*What needs to be done*: The part below that opens with the line containing "Avvolgiti nell'eleganza di" and closes with the line containing "A French terry" should be copied exactly, minus any pictures.

*Recorded information*:
######

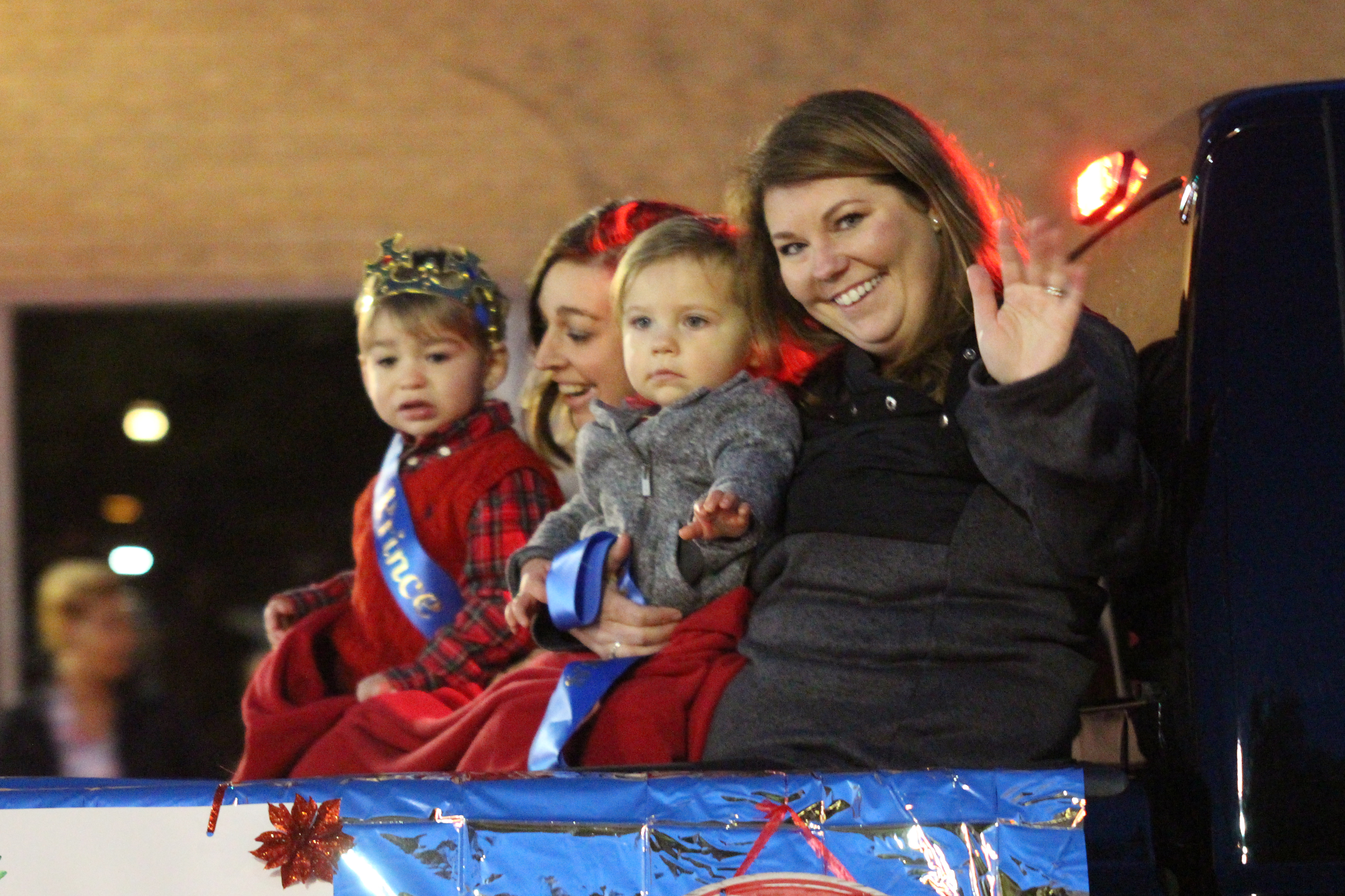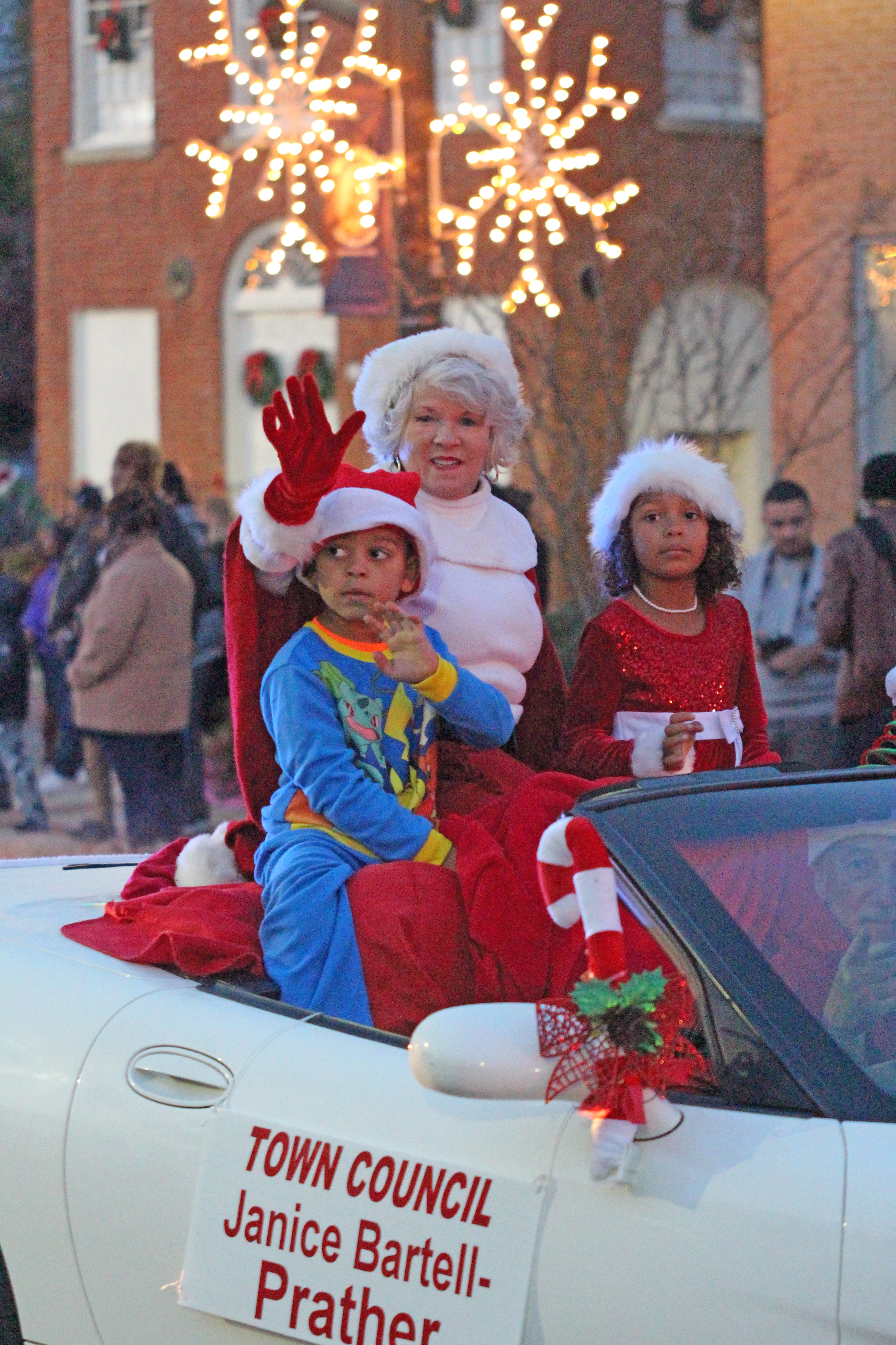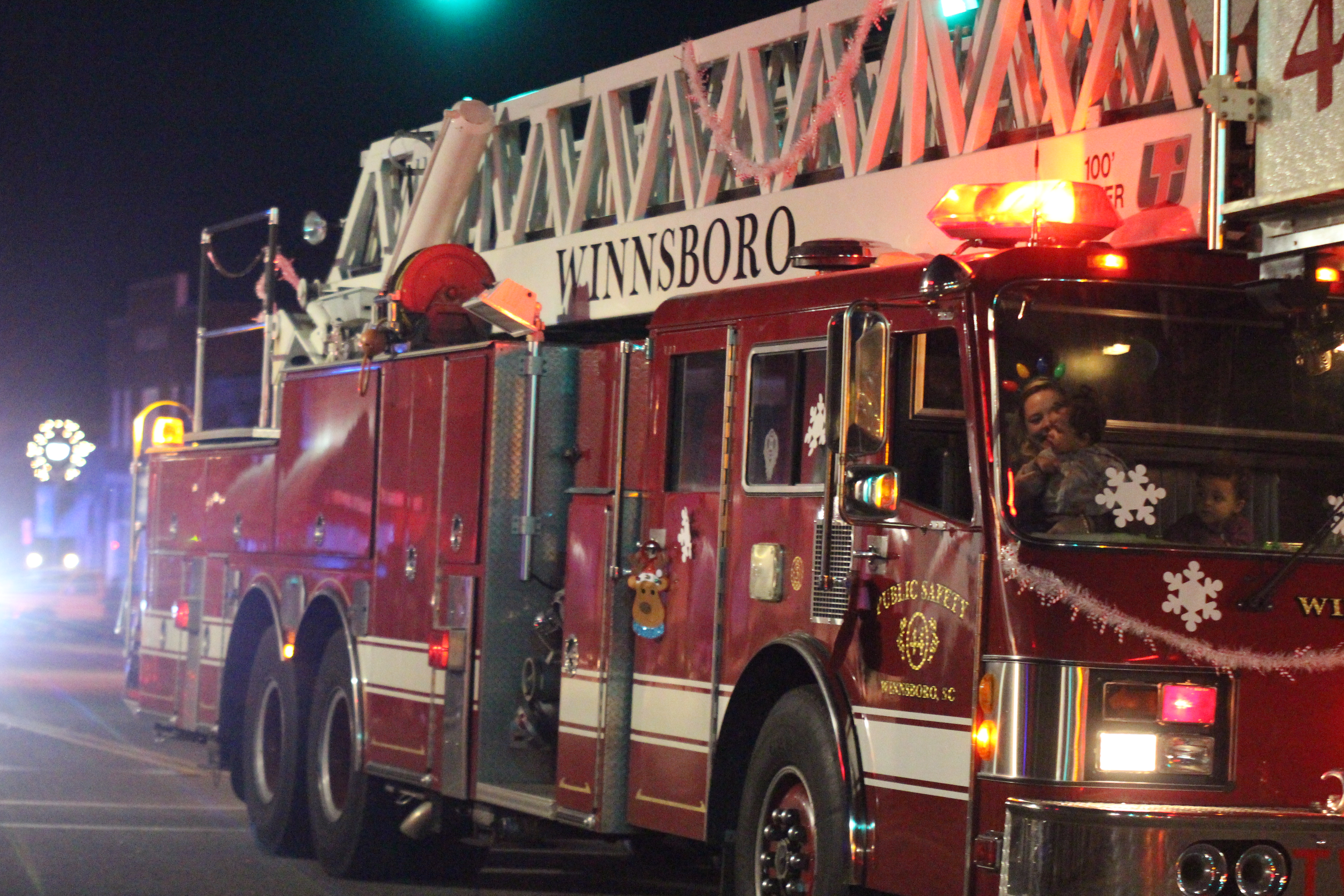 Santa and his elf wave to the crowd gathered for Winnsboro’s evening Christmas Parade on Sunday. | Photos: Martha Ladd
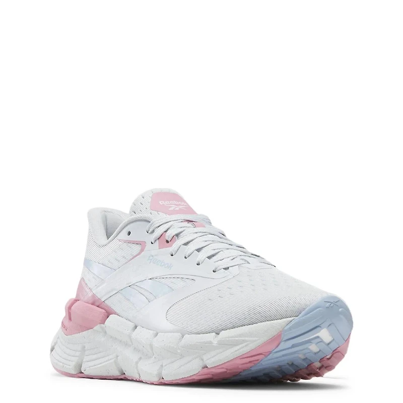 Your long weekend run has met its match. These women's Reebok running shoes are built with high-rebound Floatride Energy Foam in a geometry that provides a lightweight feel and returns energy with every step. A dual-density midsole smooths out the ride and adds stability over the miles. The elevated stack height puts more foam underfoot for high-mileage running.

######

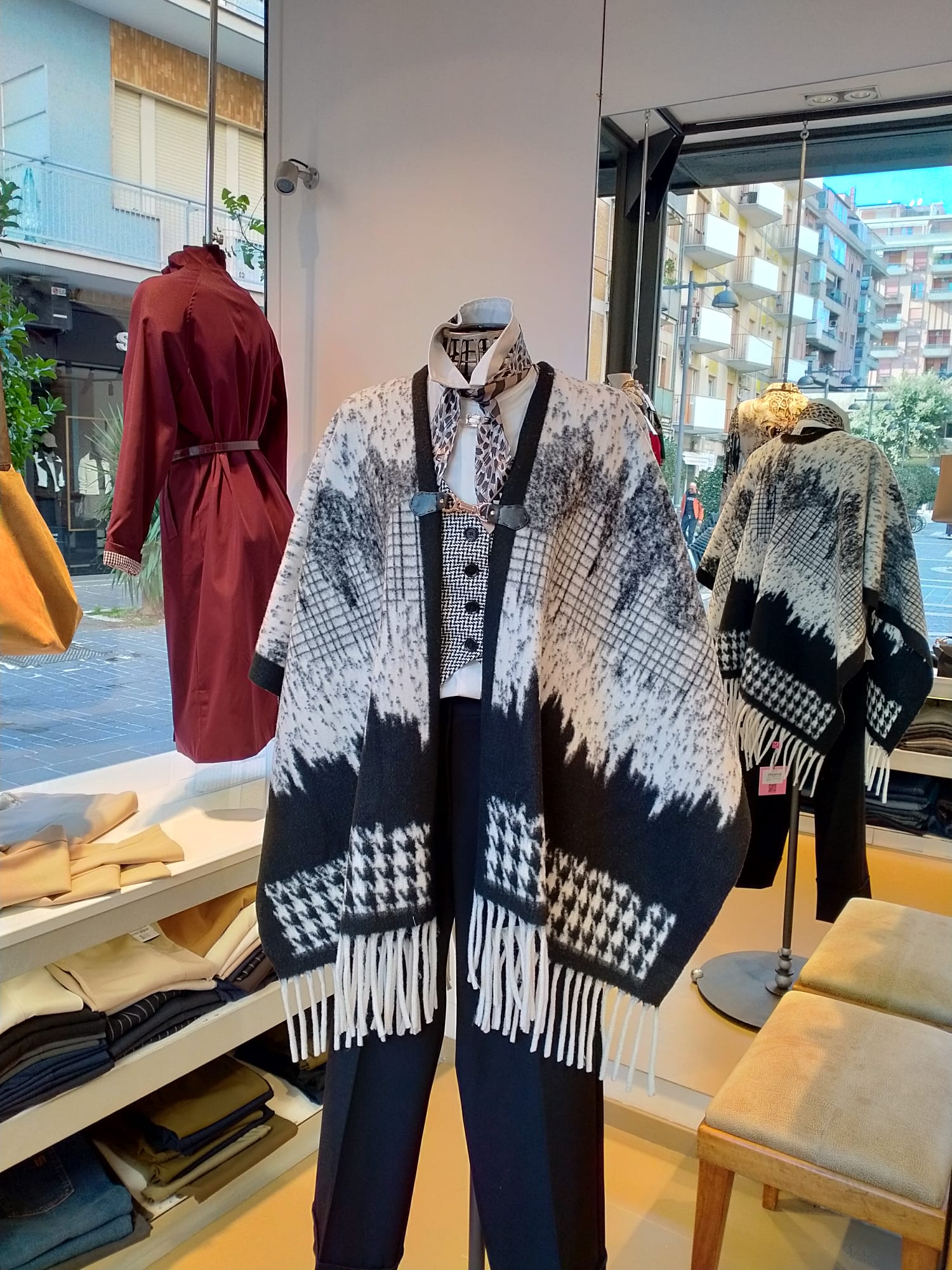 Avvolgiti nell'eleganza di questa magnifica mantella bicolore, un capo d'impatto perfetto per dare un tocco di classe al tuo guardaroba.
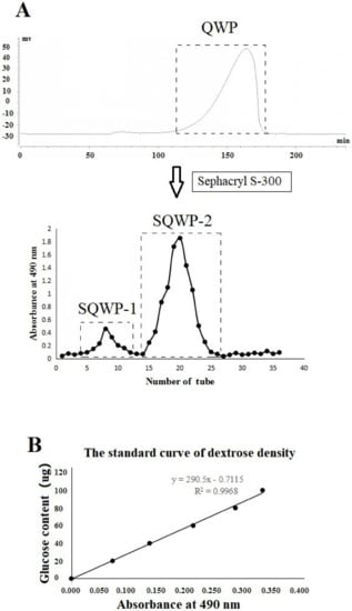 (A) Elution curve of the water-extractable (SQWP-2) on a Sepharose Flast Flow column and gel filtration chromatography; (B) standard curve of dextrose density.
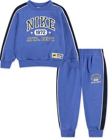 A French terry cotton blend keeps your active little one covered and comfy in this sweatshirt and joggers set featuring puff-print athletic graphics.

######

*Solution to this task*:
 Avvolgiti nell'eleganza di questa magnifica mantella bicolore, un capo d'impatto perfetto per dare un tocco di classe al tuo guardaroba.
 (A) Elution curve of the water-extractable (SQWP-2) on a Sepharose Flast Flow column and gel filtration chromatography; (B) standard curve of dextrose density.
 A French terry cotton blend keeps your active little one covered and comfy in this sweatshirt and joggers set featuring puff-print athletic graphics.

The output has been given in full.